Top of EXERCISE MATERIALS

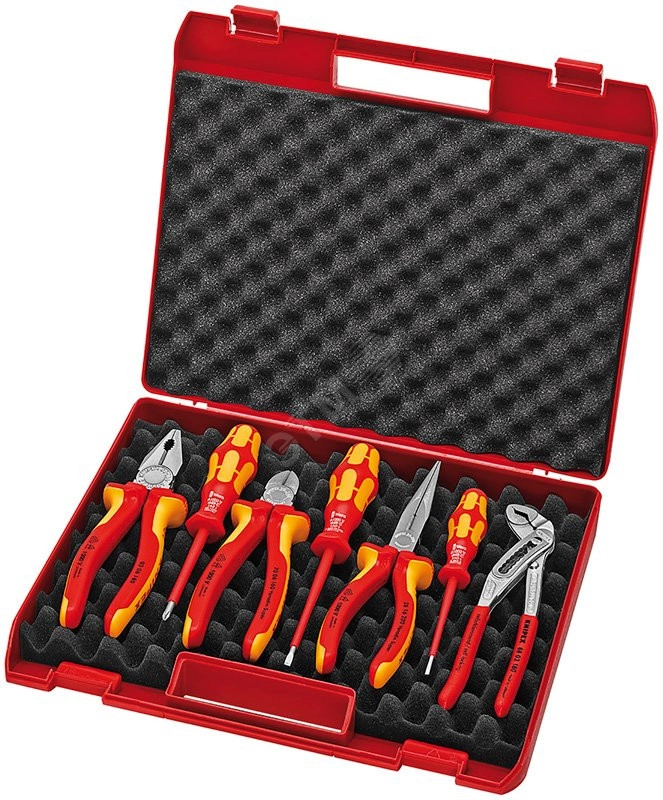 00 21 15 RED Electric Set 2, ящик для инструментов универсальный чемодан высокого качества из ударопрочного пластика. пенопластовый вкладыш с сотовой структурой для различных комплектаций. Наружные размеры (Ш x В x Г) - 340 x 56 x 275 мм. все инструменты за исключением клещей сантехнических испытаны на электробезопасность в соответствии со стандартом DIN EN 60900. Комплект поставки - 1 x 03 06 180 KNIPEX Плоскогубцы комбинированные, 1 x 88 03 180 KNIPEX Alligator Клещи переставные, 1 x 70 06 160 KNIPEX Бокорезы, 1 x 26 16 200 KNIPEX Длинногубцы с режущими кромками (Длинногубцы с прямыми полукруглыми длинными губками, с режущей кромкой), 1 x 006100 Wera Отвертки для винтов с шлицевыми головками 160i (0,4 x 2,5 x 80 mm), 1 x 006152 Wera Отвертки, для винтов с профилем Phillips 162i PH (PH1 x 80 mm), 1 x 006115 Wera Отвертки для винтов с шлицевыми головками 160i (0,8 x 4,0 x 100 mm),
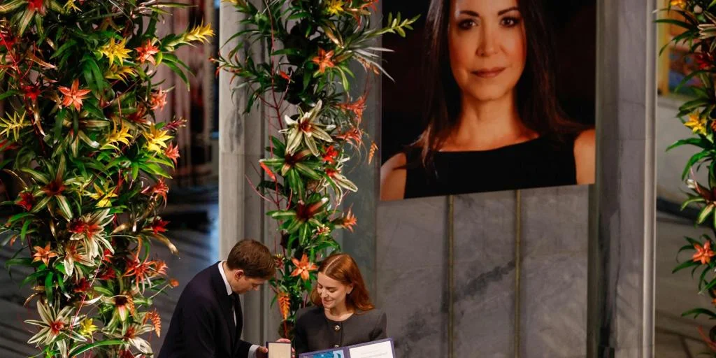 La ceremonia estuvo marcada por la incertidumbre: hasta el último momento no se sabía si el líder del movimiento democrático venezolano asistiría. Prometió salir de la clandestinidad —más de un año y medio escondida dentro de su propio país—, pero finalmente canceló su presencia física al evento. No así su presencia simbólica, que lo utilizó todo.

Bottom of EXERCISE MATERIALS
Top of EXERCISE MATERIALS

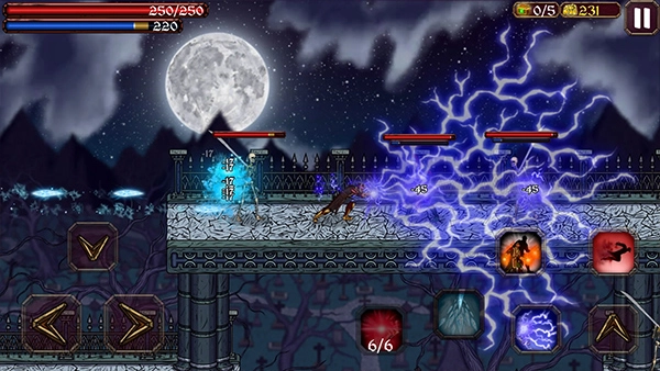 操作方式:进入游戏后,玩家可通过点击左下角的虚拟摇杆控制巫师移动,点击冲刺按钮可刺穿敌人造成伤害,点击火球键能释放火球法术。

Bottom of EXERCISE MATERIALS
Top of EXERCISE MATERIALS

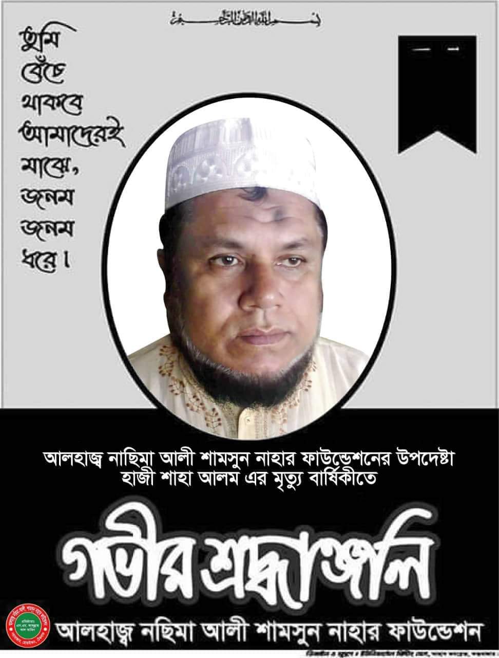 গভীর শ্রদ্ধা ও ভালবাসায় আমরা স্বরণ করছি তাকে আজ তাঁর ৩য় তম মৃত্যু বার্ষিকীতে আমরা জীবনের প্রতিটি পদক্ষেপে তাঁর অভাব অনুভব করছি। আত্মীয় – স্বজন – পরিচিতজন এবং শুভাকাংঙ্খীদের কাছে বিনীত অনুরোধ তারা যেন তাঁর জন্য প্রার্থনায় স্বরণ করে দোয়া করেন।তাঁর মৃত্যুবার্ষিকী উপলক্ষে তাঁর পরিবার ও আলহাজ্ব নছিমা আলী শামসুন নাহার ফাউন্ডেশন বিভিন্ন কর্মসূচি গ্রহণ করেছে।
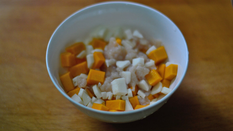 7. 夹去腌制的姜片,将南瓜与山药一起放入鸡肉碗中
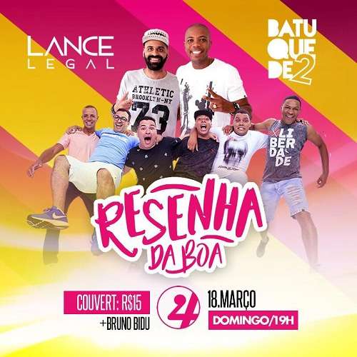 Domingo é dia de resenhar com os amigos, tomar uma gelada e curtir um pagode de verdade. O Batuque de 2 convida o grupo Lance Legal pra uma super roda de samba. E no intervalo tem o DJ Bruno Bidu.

Bottom of EXERCISE MATERIALS

▶ [BRIEF]
Your answer should be the lines above, word for word, from the line with "7. 夹去腌制的姜片,将南瓜与山药一起放入鸡肉碗中" through the line with "Domingo é dia", minus the pictures.

▶ [WRITTEN ANSWER]
 7. 夹去腌制的姜片,将南瓜与山药一起放入鸡肉碗中
 Domingo é dia de resenhar com os amigos, tomar uma gelada e curtir um pagode de verdade. O Batuque de 2 convida o grupo Lance Legal pra uma super roda de samba. E no intervalo tem o DJ Bruno Bidu.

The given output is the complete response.